# Grulla/Grullo?



## hflmusicislife (Dec 15, 2010)

So this is kind of a silly question (well, two)... But I honestly don't know! What's the difference between Grulla and Grullo? I know they're both identical colors, but some people say it's just a spelling preference, and others say Grulla is feminine and Grullo is masculine. Also, pronunciation of the two? I speak French, not Spanish, and I'm pretty sure they're Spanish words... I've always said "Grew-la" ("grew-low") but I think they might be pronounced differently because they're Spanish terms?


----------



## lilkitty90 (Nov 11, 2009)

both the words mean the same thing, spanish speaking people say that a/o means masculine/feminine, either way no matter how you say it people know what you talking about. as for pronouncing it i've herd Grew-la and Grew-ya


----------



## Poseidon (Oct 1, 2010)

Like lilkitty said: It's a gender thing.
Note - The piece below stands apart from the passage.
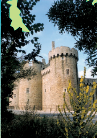
Le Château de Suscinio (Résidence des Ducs de Bretagne)
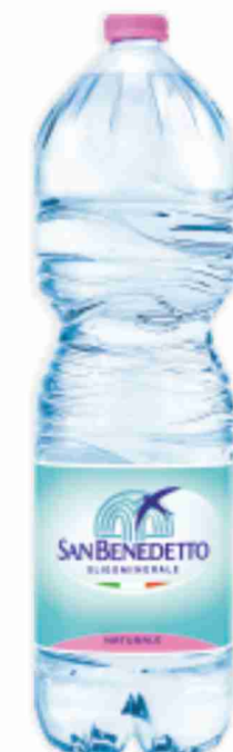
Acqua naturale San Benedetto litri 2 al litro € 0,15

It's meant to be Grulla = female. Grullo = male. And it's pronounced Grew-ya and grew-yo.


----------



## bubba13 (Jan 6, 2007)

Fun fact:

The color is named after these guys.


----------



## KawaiiCharlie (Nov 17, 2010)

Im from the uk and as far as ive heard, everyone over here pronounces it like Gruh-lah or gruh-loh... not that its a common colour over here. but theres a couple of grullas/grullos in a dealers field near me. poor things have just been left in the muddy field all winter only getting a bail of hay between about 20 - 30 horses every now and then. a few of them have rugs on but theyre ripped and hanging off, im pretty sure some of them are stallions & most are mares & clearly some are in foal. a few have real bad rain rot & they all look so depressed. if i could afford it, id buy them all & give them better homes </3


----------



## hflmusicislife (Dec 15, 2010)

Thanks everyone for clearing that up for me 
KC- That's terrible! There was a couple horses at this barn right near a place I used to board at that sounds similar. They only had 4 or 5 horses, but they were all in a paddock that was probably about half an acre and they were skin and bones. People used to throw hay in for them when they knew the owners weren't around because the horses were so hungry they were eating the bark off the trees.... It amazes me how cruel some people can be.


----------